Шипя друг на друга и толкаясь, мы втиснулись в кухню. Кара усадила меня на стул и потребовала:

— А теперь внятно и по порядку: что происходит?

— Сама не понимаю, — я закурила. — Мне сказали по телефону, что у тебя был сердечный приступ.

— У ме-ня? — заикнулась Карина.

— Да не перебивай ты каждую секунду! У тебя, у тебя, не у меня же.

— Бред, — в сотый раз повторила Карина, разводя руками.

— Теперь уж сама вижу, — огрызнулась я.

— И что же это за таинственная соседка?

— Баба какая-то, судя по голосу, молодая. Сказала, что ты была у нее, чай пила, а потом грохнулась.

— И куда же я грохнулась? — с интересом спросила Карина.

— Куда-куда, в обморок.

— Никуда я не грохалась. И ни к какой соседке чай пить не ходила. Во всяком случае, не сегодня. То есть не вчера.

— Точно?

— У меня провалов в памяти пока еще не бывало.
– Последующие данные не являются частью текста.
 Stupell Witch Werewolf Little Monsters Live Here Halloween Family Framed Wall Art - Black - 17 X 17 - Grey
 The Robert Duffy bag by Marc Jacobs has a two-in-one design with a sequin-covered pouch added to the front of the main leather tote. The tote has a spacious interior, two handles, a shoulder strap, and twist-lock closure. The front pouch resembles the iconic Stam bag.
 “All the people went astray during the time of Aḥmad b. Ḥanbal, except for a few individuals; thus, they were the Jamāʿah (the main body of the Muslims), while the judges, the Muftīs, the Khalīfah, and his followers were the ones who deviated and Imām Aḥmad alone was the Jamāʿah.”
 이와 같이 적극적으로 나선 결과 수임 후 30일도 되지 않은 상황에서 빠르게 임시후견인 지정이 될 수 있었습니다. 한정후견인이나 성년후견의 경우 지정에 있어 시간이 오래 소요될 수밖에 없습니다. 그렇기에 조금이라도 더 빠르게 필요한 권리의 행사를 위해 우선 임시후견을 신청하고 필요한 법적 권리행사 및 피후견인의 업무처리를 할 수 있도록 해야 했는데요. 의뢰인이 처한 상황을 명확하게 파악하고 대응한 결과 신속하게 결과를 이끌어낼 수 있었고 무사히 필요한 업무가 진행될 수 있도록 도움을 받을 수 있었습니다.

— Ладно, прости, не обижайся. В общем, мне все это сказали, напугали до смерти. Ты, мол, отказалась в больницу ехать.

— Ну и ну!

— Да. И просишь, чтобы я приехала к тебе. Я и помчалась.

Тут мы обе выдохлись и вновь уставились друг на друга.
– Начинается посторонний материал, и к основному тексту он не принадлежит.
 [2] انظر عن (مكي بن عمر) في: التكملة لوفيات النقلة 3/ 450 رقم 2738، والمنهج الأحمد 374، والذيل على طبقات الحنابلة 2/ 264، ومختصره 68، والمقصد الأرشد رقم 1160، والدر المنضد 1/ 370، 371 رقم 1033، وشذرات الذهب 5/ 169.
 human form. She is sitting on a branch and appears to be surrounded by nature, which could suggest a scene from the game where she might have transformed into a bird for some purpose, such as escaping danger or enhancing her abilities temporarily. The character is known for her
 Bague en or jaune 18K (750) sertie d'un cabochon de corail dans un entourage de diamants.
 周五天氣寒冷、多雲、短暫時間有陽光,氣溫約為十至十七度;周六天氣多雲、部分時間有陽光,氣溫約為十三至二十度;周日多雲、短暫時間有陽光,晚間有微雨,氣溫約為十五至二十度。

— Ты чего? — спросила наконец Карина.

— Чего — «чего»?

— Что ты так смотришь?

— Никак я не смотрю, — буркнула я. — Думаю, вдруг ты и вправду сейчас брякнешься.

— Вполне могу. И от твоих диких криков, и от всей этой истории.

— Не надо, — предупредила я, — я сама уже на грани.

Мы еще немного помолчали и начали приходить в себя.

— Давай я хоть кофе сварю, — вздохнула Карина.

— Свари, пожалуй…

Кофе нас умиротворил, но ненадолго. Не допив свою чашку, я так резко отставила ее, что чуть не выплеснула гущу на стол.

— Карина!

— Что? — опять испугалась она.

— Кто же это… Кто все это подстроил-то, а? А главное, зачем?

Карина замерла с чашкой в руке, а я впервые за эту сумасшедшую ночь испугалась по-настоящему.

* * *

Как мы с Кариной сумели дождаться открытия метро — тайна, покрытая мраком. Если бы у нас были деньги, мы, конечно, немедленно помчались бы ко мне на квартиру. После первого разумного вопроса: кто и зачем так странно и гнусно нас разыграл, мы бросились звонить на АТС. Не знаю, что бы нам дало сообщение о том, с какого номера мне позвонила та мифическая «соседка», будь она неладна. Но, конечно, никакого номера нам и не назвали. Сказали, что звонок был либо из автомата, либо с мобильного телефона.

Мой же номер вначале был упорно занят, а потом телефон и вовсе перестал отзываться.

— Вот же дела творятся, — бормотала Карина, ворочаясь на постели, куда я заставила ее вернуться. — Вдруг там твоего Вадима уже убили? Ворвались трое в масках и ку-ку ему сделали. Черт знает что!

— Троих бы он раскидал одной левой, — возразила я, хотя сама от страха места себе не находила.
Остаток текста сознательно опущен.